It looks like it might indeed create the categorical upon reading.
Creating a dictionary with pyarrow from the pl.Utf8 columns takes close to 9 seconds.
In [92]: %time chrom_pa_dict = df_pl_strings.get_column("Chromosome").to_arrow().dictionary_encode()
CPU times: user 2.08 s, sys: 128 ms, total: 2.2 s
Wall time: 2.2 s
In [93]: %time name_pa_dict = df_pl_strings.get_column("Name").to_arrow().dictionary_encode()
CPU times: user 6.53 s, sys: 167 ms, total: 6.7 s
Wall time: 6.7 s
Yeap, that makes more sense to me as the local builders seem pretty optimized.
Still quite surprised it takes so long to create categoricals, basically longer than reading the whole file.
Yes, you need to hash those strings and store them in a hashmap. That's expensive.
>>> %%time
>>> df["pickup_datetime"].cast(pl.Categorical)
CPU times: user 1.91 s, sys: 162 ms, total: 2.08 s
Wall time: 2.06 s
>>> %%time
>>> df["pickup_datetime"].to_arrow().dictionary_encode()
CPU times: user 2.08 s, sys: 163 ms, total: 2.24 s
Wall time: 2.23 s
Maybe we should allow a Categorical builder in the csv reader...
Global string cache is way faster now for the case above (after #4087):
In [4]: %time df_pl = read_fragments_from_file(fragments_bed_filename, engine='polars')
CPU times: user 53.7 s, sys: 8.24 s, total: 1min 1s
Wall time: 17.2 s
In [3]: %time df_pa_pl = read_fragments_from_file(fragments_bed_filename, engine='pyarrow')
CPU times: user 1min, sys: 9.16 s, total: 1min 9s
Wall time: 11.3 s
In [5]: %%time
...: with pl.StringCache():
...: df_pl_string_cache = read_fragments_from_file(fragments_bed_filename, engine='polars')
...:
CPU times: user 53.2 s, sys: 8.33 s, total: 1min 1s
Wall time: 17.2 s
In [6]: %%time
...: with pl.StringCache():
...: df_pa_pl_string_cache = read_fragments_from_file(fragments_bed_filename, engine='pyarrow')
...:
CPU times: user 1min 9s, sys: 9.69 s, total: 1min 19s
Wall time: 21 s
Was closed by the wrong PR.
Global string cache is way faster now for the case above (after https://github.com/pola-rs/polars/pull/4087):
Wow there is almost no overhead of the global string cache in your use case! :tada:
I am positive the difference is now only due to creating the categoricals upon csv reading.
Wow there is almost no overhead of the global string cache in your use case! tada
Thanks for the great improvement.

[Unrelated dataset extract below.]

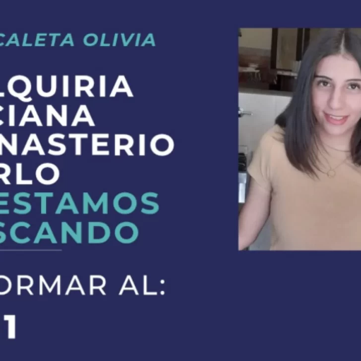 La Policía de Santa Cruz solicita la colaboración de la comunidad para dar con el paradero de Luciana Monasterio Merlo, de 19 años, desaparecida en Caleta Olivia.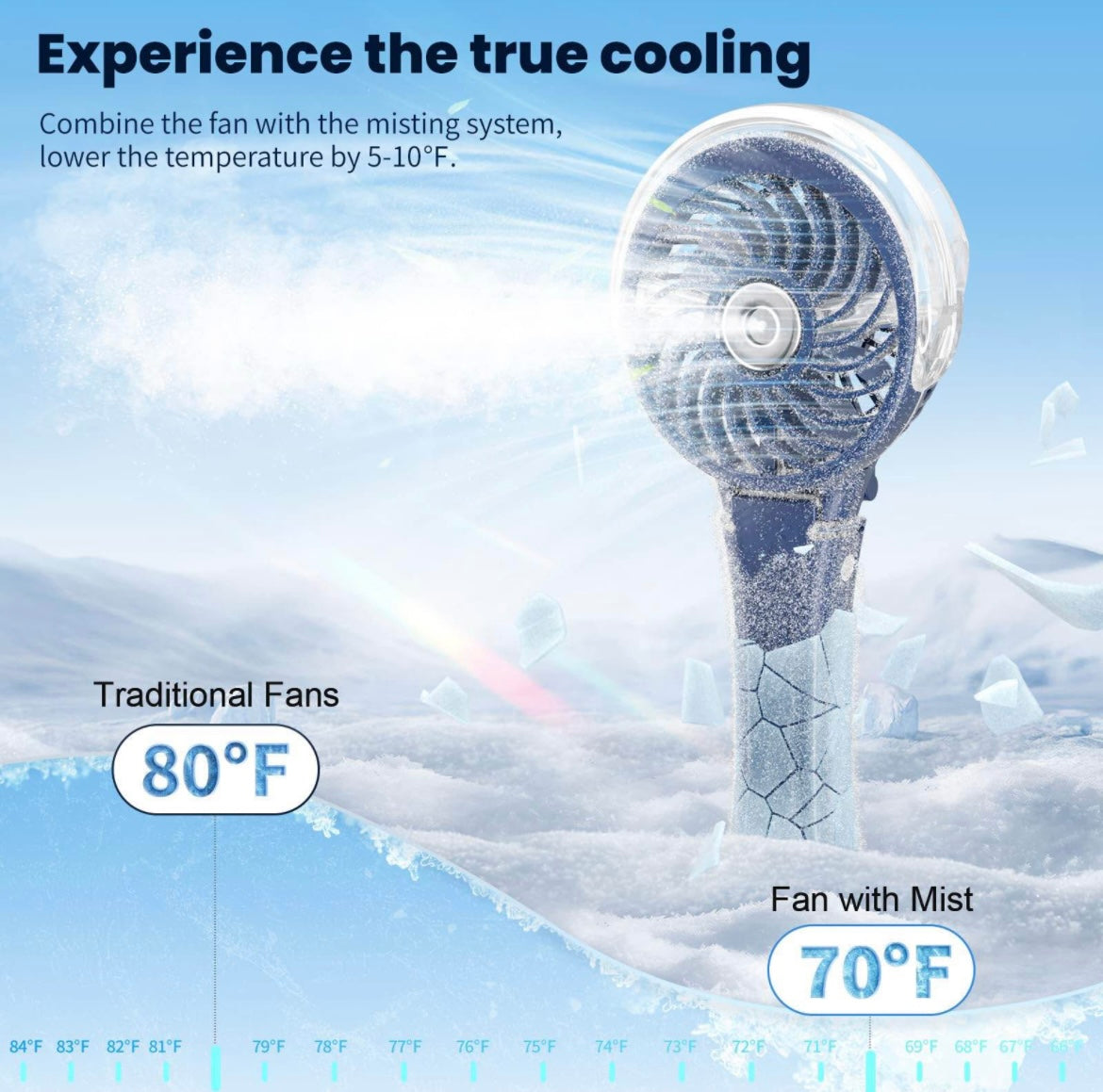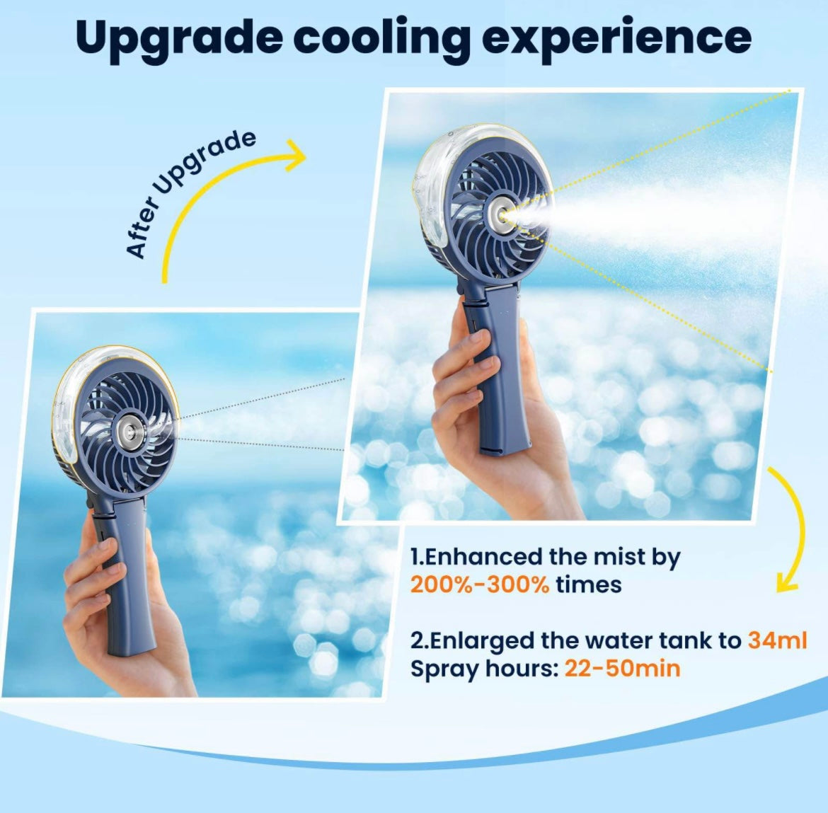 HandFan Upgraded Portable Handheld Misting Fan, Rechargeable Personal Mister Fan, Spray Water

It is getting to acceptable levels :-P. A fast global string cache is great for my case. Although it might not strictly need a global string case for the code that I have in mind.
As the "Name" column needs to be a categorical and at a certain point this column gets filtered by a series with a few 1000 elements. So the possibility for creating a categorical series with the same "local" cache as the "Name" column would be good enough.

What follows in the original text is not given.